I brought myself to meet his eyes. They were clouded over with confusion. As I watched him, I could see the exact moment he realized where this was going.
He adjusted his weight in the chair, his brow pulling together. "What—when was that?"
"Four summers ago." His frown deepened, his eyes focusing on anything but me. "I found Rose's picture in your wallet. Her real name was Elizabeth?"
He nodded, looking out at the street. "She was obsessed with them, so I started calling her..."
He stopped talking, letting his word trail off. The color had drained from his face, he looked like he was going to be sick. The silence between us was deafening. It was impossible to figure out what was going through his head. I wanted to ask, but I also didn't want to rush him as he processed it.
After what felt like an eternity, he stood, still unable to spare a glance my way as he turned to leave. "I think I should go."
"That's it?" I called out, standing as well.
He stopped, turning to me as he rubbed the back of his neck. "I don't know what to say to, Loren."
That was the first time I ever heard him say my name. I hated the sound of it.

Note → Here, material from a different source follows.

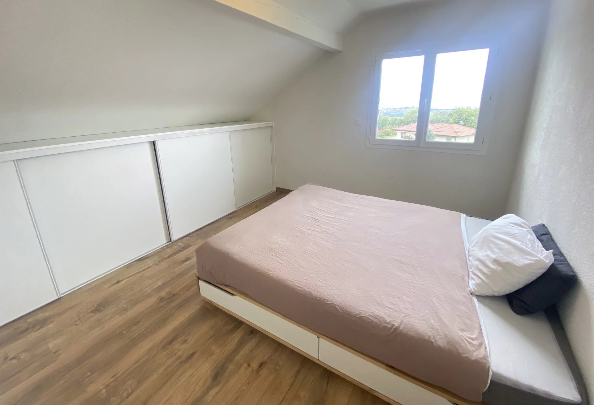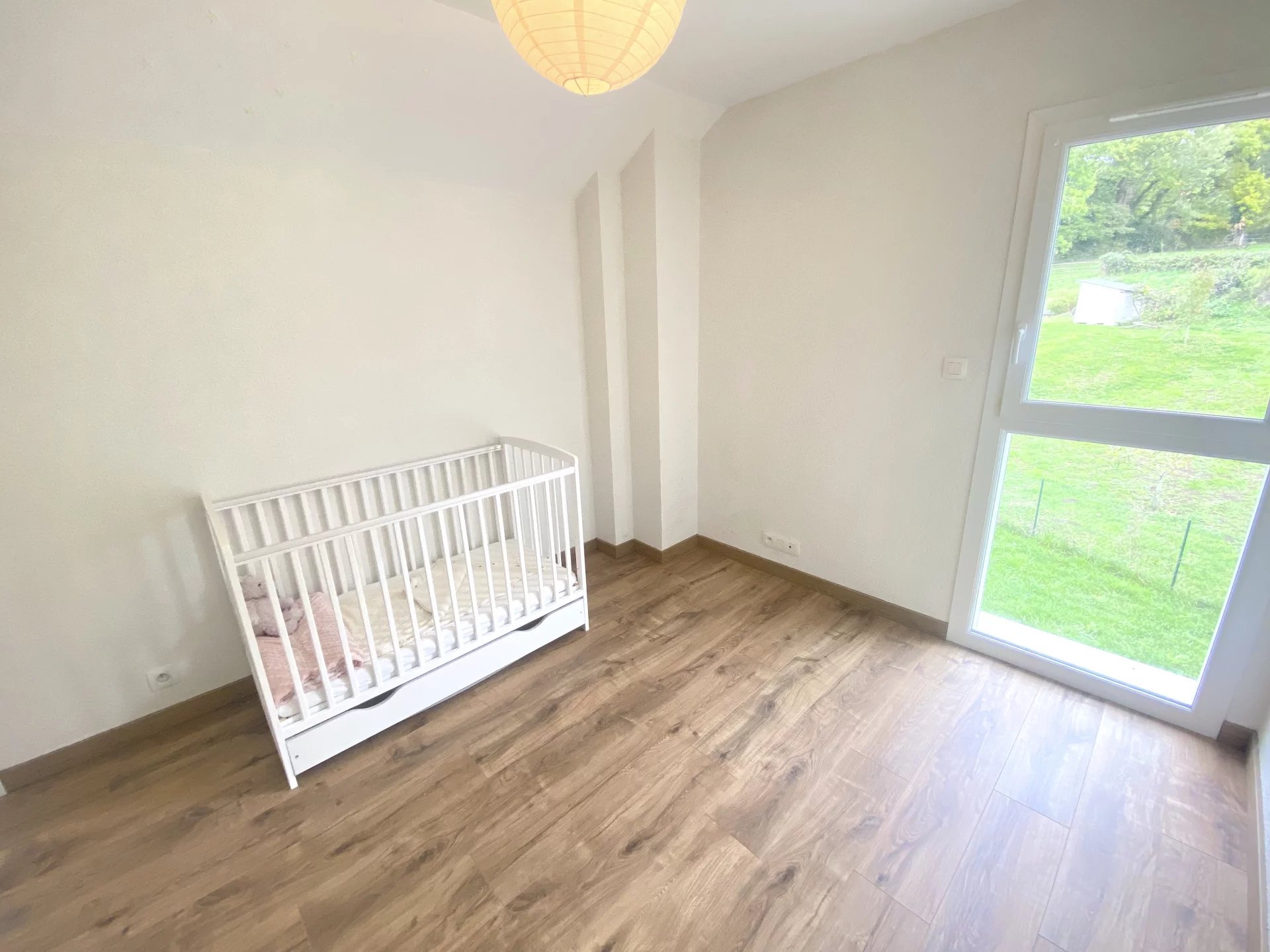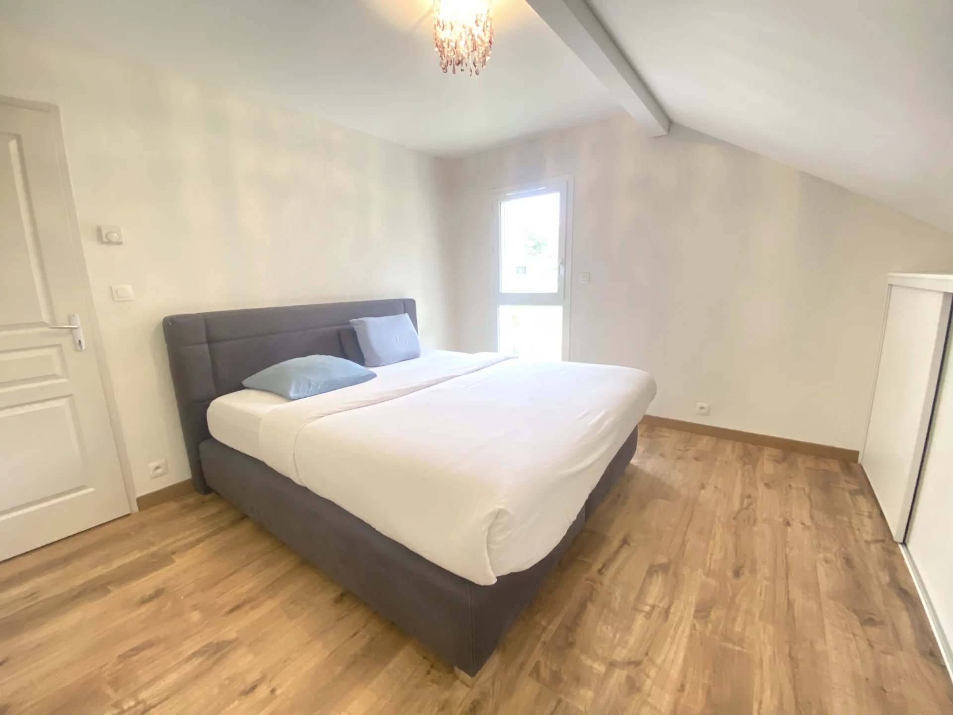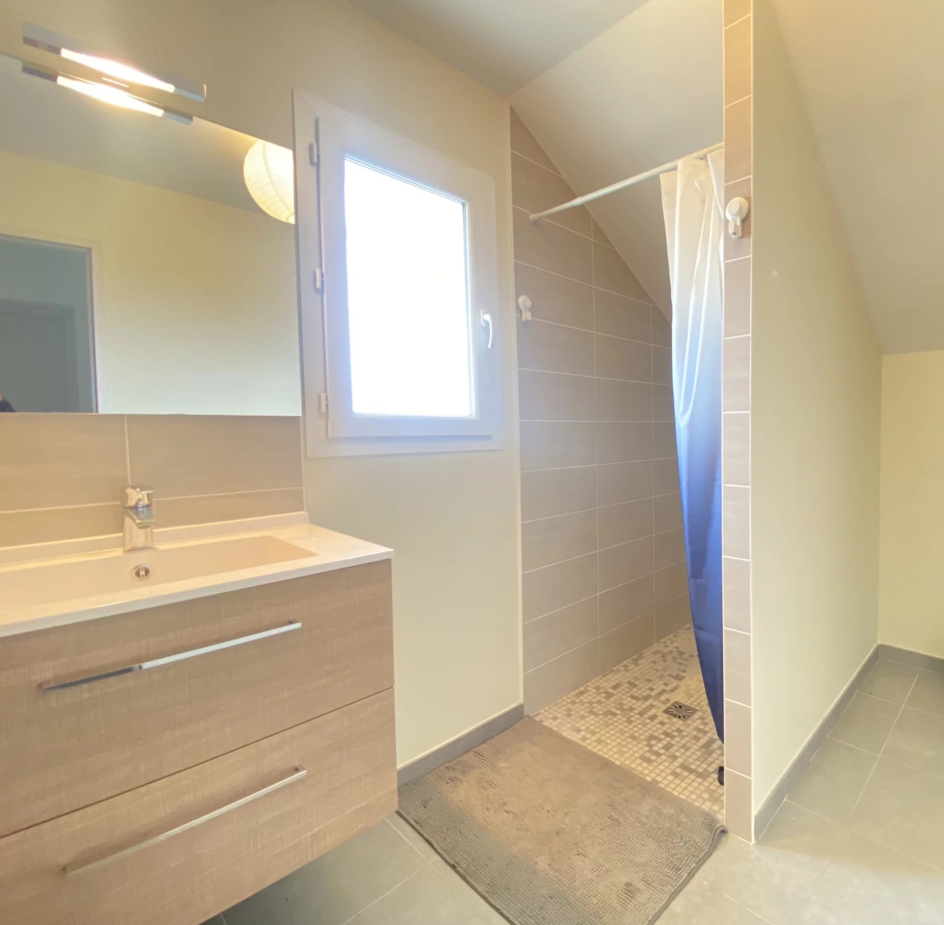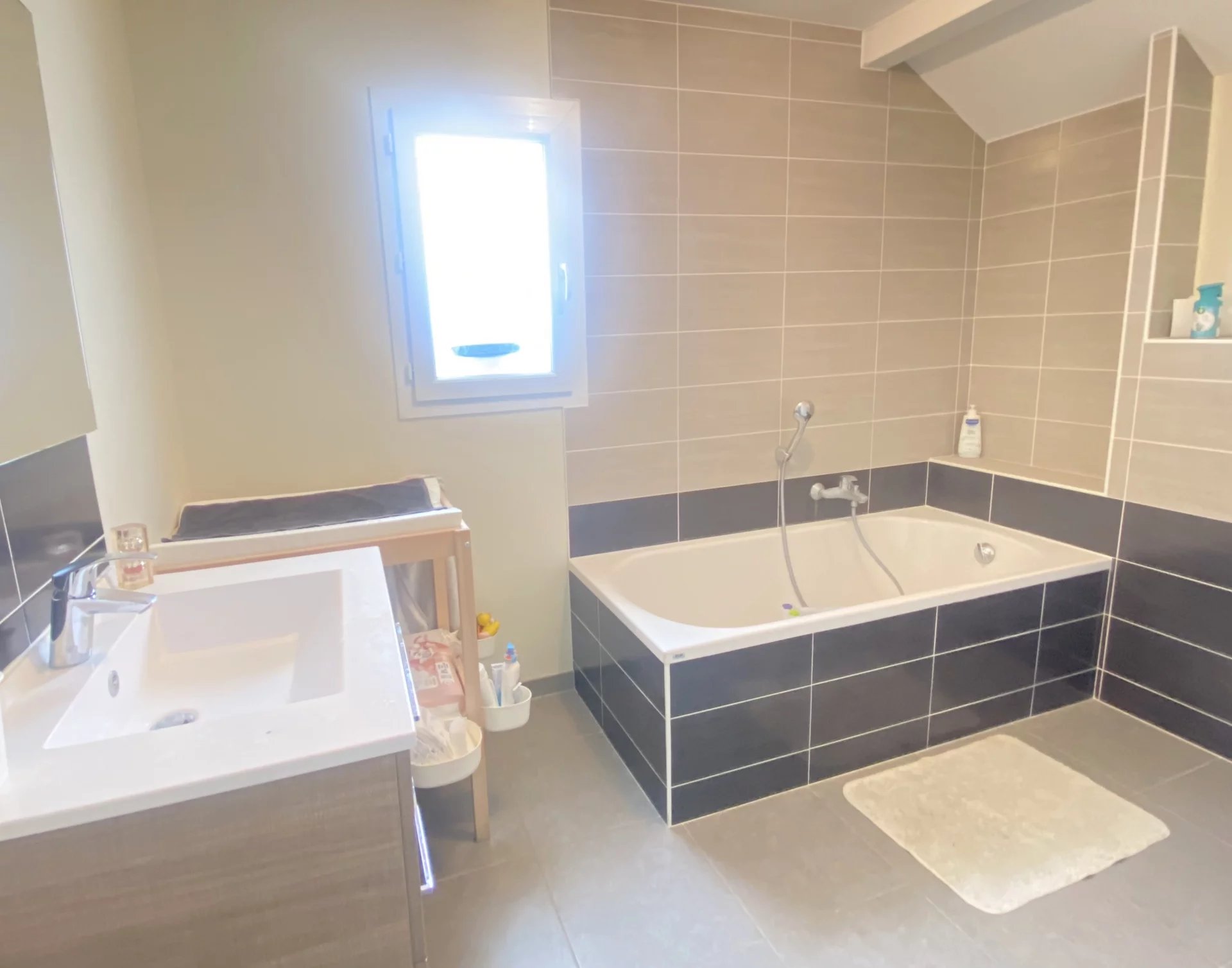 Second demi-niveau, trois grandes chambres avec placard intégré, une salle de bain spacieuse avec meuble-vasque et toilettes.

Of all the scenarios I played out of that moment, him walking away was the most obvious of outcomes. But seeing him actually do it was like a hot knife piercing my chest.
"Miles..." My voice was low and shaky as I stepped towards him.
"This is a lot to process, okay," he said, bringing himself to look at me. "And I just—I need to think."
What he meant was that he needed to decide. It was written all over his face, flashing in his eyes. Did he like me enough to keep me around as a constant reminder of what happened to his sister?
"Your mom doesn't want us together and I think we should just leave it at that for now." He sounded cold and definitive, leaving little hope that we'd get through this.
My words were stuck in my throat, unable to call after him as he walked away.